Their premise alone makes one change to formula, doing away with the usual generational gap between the swappers and going with two men of the same age, Dave and Mitch (Jason Bateman and Ryan Reynolds, respectively). But how to really set your movie apart in the first five minutes? Digitally animated infant buttocks and projectile excrement should do the trick.

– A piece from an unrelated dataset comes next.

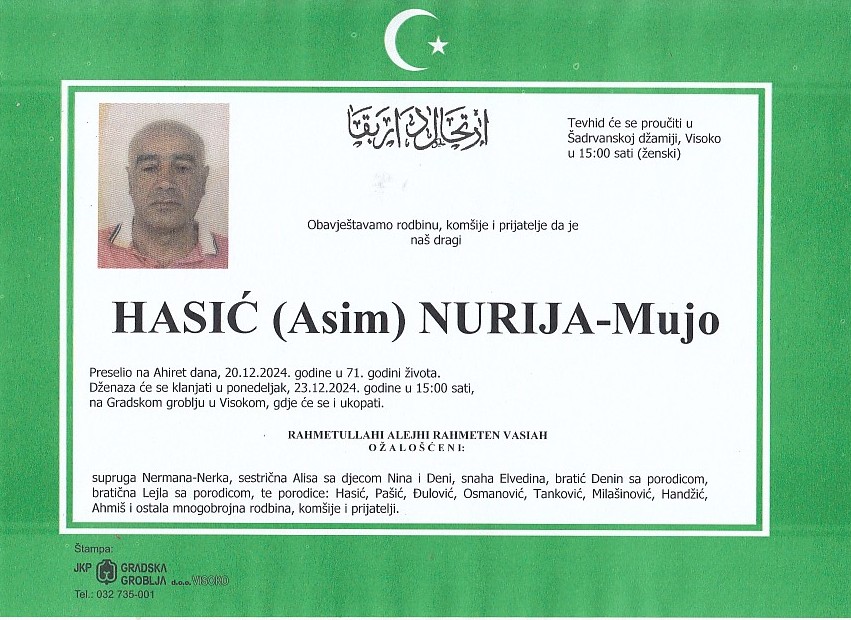 HASIĆ (Asim) NURIJA 23.12.2024. godine u 15:00 sati
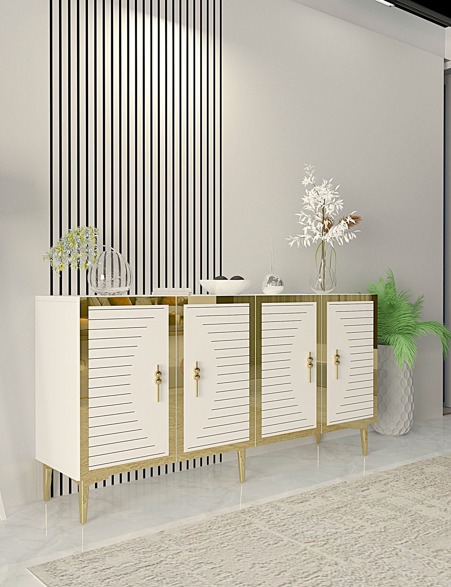 Não se contente com móveis comuns quando você pode ter o extraordinário. Adicione nosso Console Branco e Dourado à sua casa hoje e experimente a diferença que ele faz em seu espaço.

With that visual, The Change-Up firmly establishes itself as Freaky Friday for the Judd Apatow set, and Dobkin pushes hard against the limitations — few though they may be — of the R-rating. As a result, there are f-bombs shoehorned into as many lines as possible (no matter how awkward the context), additional excrement jokes beyond that gag-worthy opening scene, and pages of homoerotic/phobic jokes relating to the fact that two male leads have not only switched bodies, but are also now in possession of each other’s genitals. Add to that a surprising amount of nudity for a studio comedy, almost all of it female, and this is essentially a movie made expressly for sweaty-palmed teenage males.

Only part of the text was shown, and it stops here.